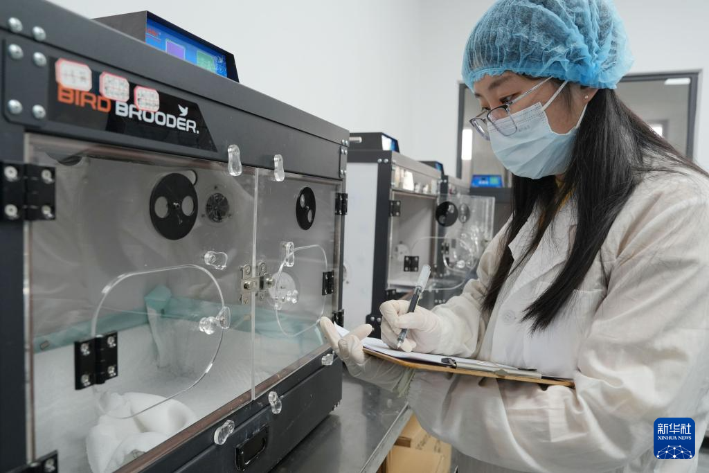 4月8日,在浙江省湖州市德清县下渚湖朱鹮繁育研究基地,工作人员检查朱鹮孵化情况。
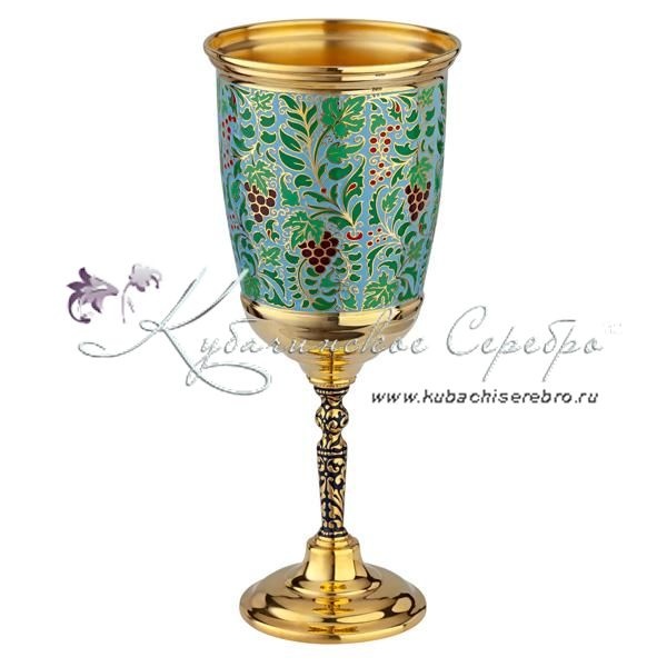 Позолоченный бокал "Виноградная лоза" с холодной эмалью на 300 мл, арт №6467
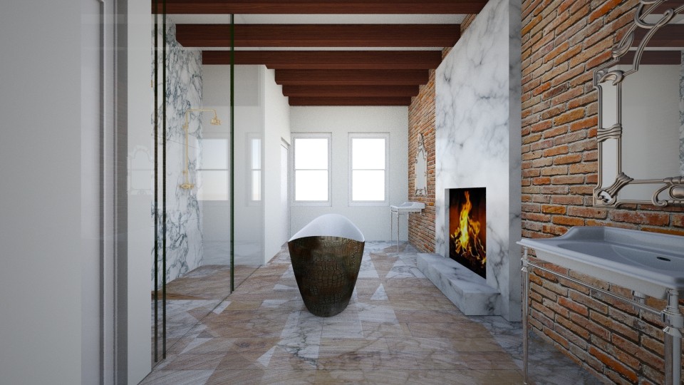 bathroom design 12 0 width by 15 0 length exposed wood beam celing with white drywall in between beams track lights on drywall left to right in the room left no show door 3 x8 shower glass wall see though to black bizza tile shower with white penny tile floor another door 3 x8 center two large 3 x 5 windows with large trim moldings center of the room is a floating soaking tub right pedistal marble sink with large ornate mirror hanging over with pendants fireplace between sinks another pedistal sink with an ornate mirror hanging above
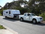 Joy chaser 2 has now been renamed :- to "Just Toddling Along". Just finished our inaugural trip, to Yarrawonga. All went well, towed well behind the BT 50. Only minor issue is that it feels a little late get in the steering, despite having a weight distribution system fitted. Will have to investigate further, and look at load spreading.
——
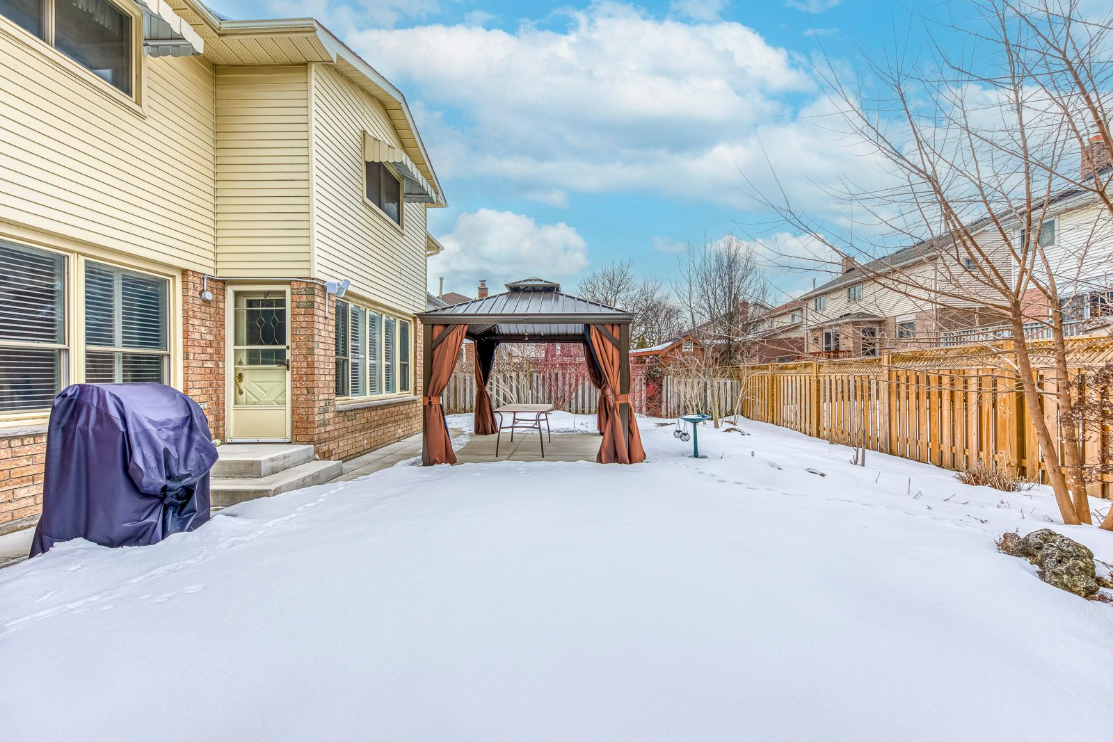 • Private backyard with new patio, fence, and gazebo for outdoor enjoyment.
——
* _TASK TO COMPLETE_: After locating "4月8日,在浙江省湖州市德清" and "мл, арт №6467" in the records above, return exactly the line holding each one and every line between them; leave out the pictures.

* _ANSWER SECTION_:
 4月8日,在浙江省湖州市德清县下渚湖朱鹮繁育研究基地,工作人员检查朱鹮孵化情况。
 Позолоченный бокал "Виноградная лоза" с холодной эмалью на 300 мл, арт №6467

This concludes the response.